I don't remember such a beautiful summer, the breeze so caressing and the mornings so aglow. The presence of death gilds the world. This July of eighteen and nine I have taken to walking the verdant bank of the majestic river, the mightiest artery of the republic, marveling that so much
water from such distant country is rolling toward the sea. What small slice of it is from the headwaters of the Missouri? From the Jefferson River, where we left Louisiana to cross the continental divide?

What stories that restless water could tell me; of painted Indians warring on its banks; of shamans praying to their spirits; of fat beaver patiently building their dams of aspen; of countless buffalo drinking from it or paddling across it; of cottonwoods toppling into it; of dust storms turning it to mud; and of the bones of the dead that it rolls and tumbles to some great continental grave in the delta beyond New Orleans.

I walk through tender green timothy and bromegrass and orchard grasses and rustling leaves and thickets of brush and cattailed swamps, stirring up moths and butterflies, so that I might embrace a clean world and leave a befouled one behind me. I am finding sanctuary in nature.

I have always walked. On the great trip I walked while the others rowed and poled. My legs still sing under me, enjoy the rhythmic steps, sweep me along and never tire. I have spotted species of sedges and swamp flowers and lilies that tax my memory and might be unknown to botany; but now I do not pluck them. I reverence them alive and let their discovery await other eyes and other times. I have a horror just now of plucking anything to its death. I want to leave each bloom unmolested, and to see alertness in the eye of each creature. Life itself is the greatest gift.

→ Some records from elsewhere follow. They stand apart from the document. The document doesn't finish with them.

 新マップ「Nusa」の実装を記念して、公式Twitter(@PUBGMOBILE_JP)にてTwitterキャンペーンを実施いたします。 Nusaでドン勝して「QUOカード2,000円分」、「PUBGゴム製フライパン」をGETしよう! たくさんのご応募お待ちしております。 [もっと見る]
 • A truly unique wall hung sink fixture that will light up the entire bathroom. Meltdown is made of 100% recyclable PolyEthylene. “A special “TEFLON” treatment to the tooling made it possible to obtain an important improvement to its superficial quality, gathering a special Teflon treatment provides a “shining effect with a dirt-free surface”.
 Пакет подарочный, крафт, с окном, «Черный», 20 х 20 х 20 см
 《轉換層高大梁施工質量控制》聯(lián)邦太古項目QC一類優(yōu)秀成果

Sometimes the past clasps me until I groan with memories. If I were to keep on walking I would arrive at the confluence of the Missouri, and if I never stopped, I might make the Mandan villages by fall and find a lodging with Big White; the captain and the chief united once again. I might taste succulent, tender buffalo hump again, and live in buckskin clothing that armors against the wind, and watch
the savages howl and dance around their fires as sparks fly into the night. But the yearning passes, and I return to St. Louis after each hike, weary but uplifted by every natural thing I meet. For a little while, anyway, I will free myself from the webs of fate.

This is the river of death. I see mutilated catfish, their bellies chalky white, drifting toward the bayous. I have watched dead crows and terns and sparrows drift by, feathery on the water, en route to the sea. In time, the waters that flow by me will rifle every vault, melt every bone, and empty all the death of a continent into the Gulf of Mexico. I have watched the water flow through the ribby ruins of a buffalo, and watched the waters sluice the naked skeletons of cottonwoods and willows to the sea. All manner of things pass St. Louis, but death most of all.

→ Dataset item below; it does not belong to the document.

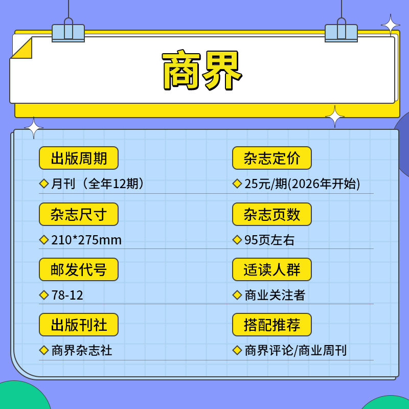 【全年订阅】《商界》杂志2026年1月起订,每月一期,快递直送家门,邮发代号78-12。聚焦商业前沿动态,深度解析财经热点,助力读者把握市场脉搏、提升商业洞察力。除2026年外,另提供2025、2024、2023、2022年等往期全年或半年订阅服务,起订月份灵活可选,满足不同阅读需求。商界旗舰店品质保障,正版授权,订阅便捷。无论是投资决策、创业指导,还是企业管理与行业趋势,《商界》均为您提供权威、实用的商业资讯。立即订阅,开启智慧商业之旅,掌握未来先机。

I am reminded of these things but do not dwell upon them. For even as disease devours my flesh and eats my soul, I redouble my efforts to strengthen Louisiana. I have called a territorial council this summer. There are urgent matters to attend. The British furtively war upon us and mean to take us back into their empire. They have never believed their own defeat and will need another lesson.